Mutations in the PTEN, TP53, and RB1 pathways are obligate events in the pathogenesis of human glioblastomas. We induced various combinations of deletions in these tumor suppressors in astrocytes and neural precursors in mature mice, resulting in astrocytomas ranging from grade III to grade IV (glioblastoma). There was selection for mutation of multiple genes within a pathway, shown by somatic amplifications of genes in the PI3K or Rb pathway in tumors in which Pten or Rb deletion was an initiating event. Despite multiple mutations within PI3K and Rb pathways, elevated Mapk activation was not consistent. Gene expression profiling revealed striking similarities to subclasses of human diffuse astrocytoma. Astrocytomas were found within and outside of proliferative niches in the adult brain.

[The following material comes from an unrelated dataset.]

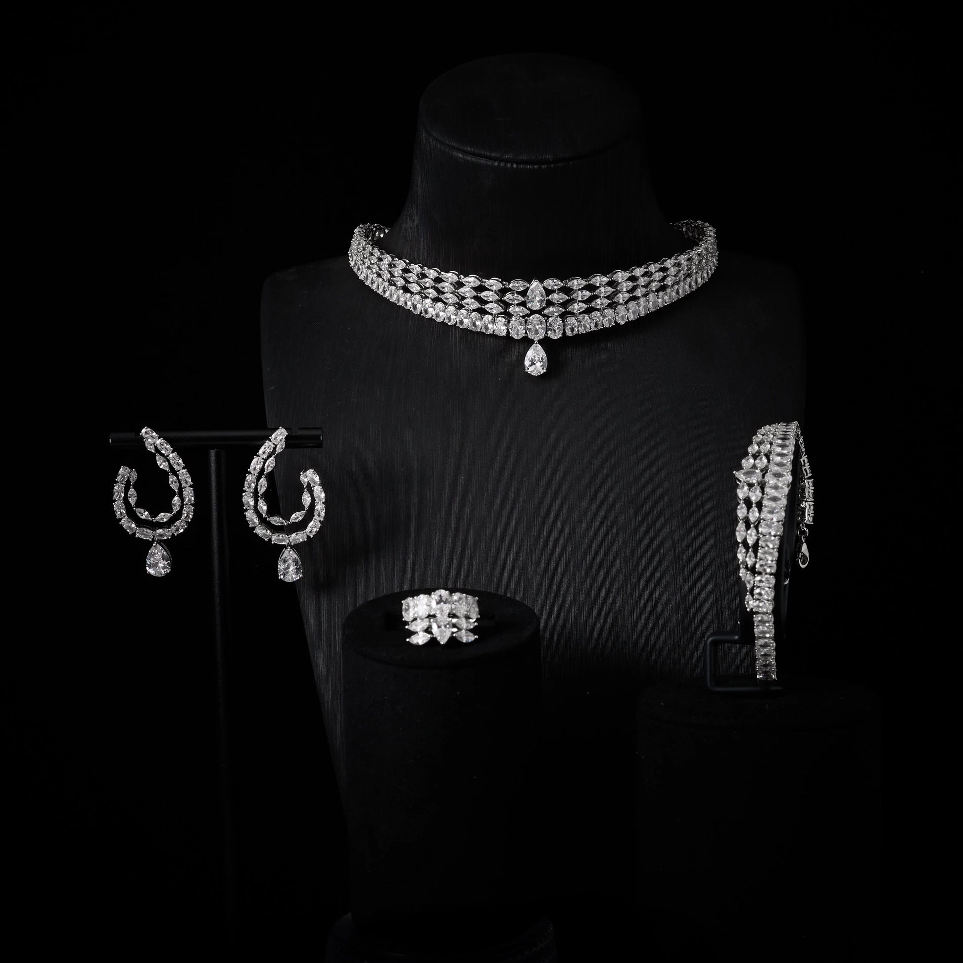 00044 Choker Necklace Sets for Women Cubic Zirconia Bridal Jewellery Set Dubai Saudi Party Engagement Accessory

PTEN、TP53 和 RB1 通路中的突变是人类胶质母细胞瘤发病机制中的必然事件。我们在成熟小鼠的星形胶质细胞和神经前体细胞中诱导这些肿瘤抑制因子的各种缺失组合,导致从 III 级到 IV 级(胶质母细胞瘤)的星形细胞瘤。在一个通路中,多个基因的突变被选择,这是由 Pten 或 Rb 缺失作为起始事件的肿瘤中 PI3K 或 Rb 通路中的基因的体细胞扩增所证明的。尽管在 PI3K 和 Rb 通路中有多个突变,但 Mapk 的激活并不一致。基因表达谱分析显示与人类弥漫性星形细胞瘤的亚类具有惊人的相似性。星形细胞瘤存在于成年大脑的增殖龛内和周围。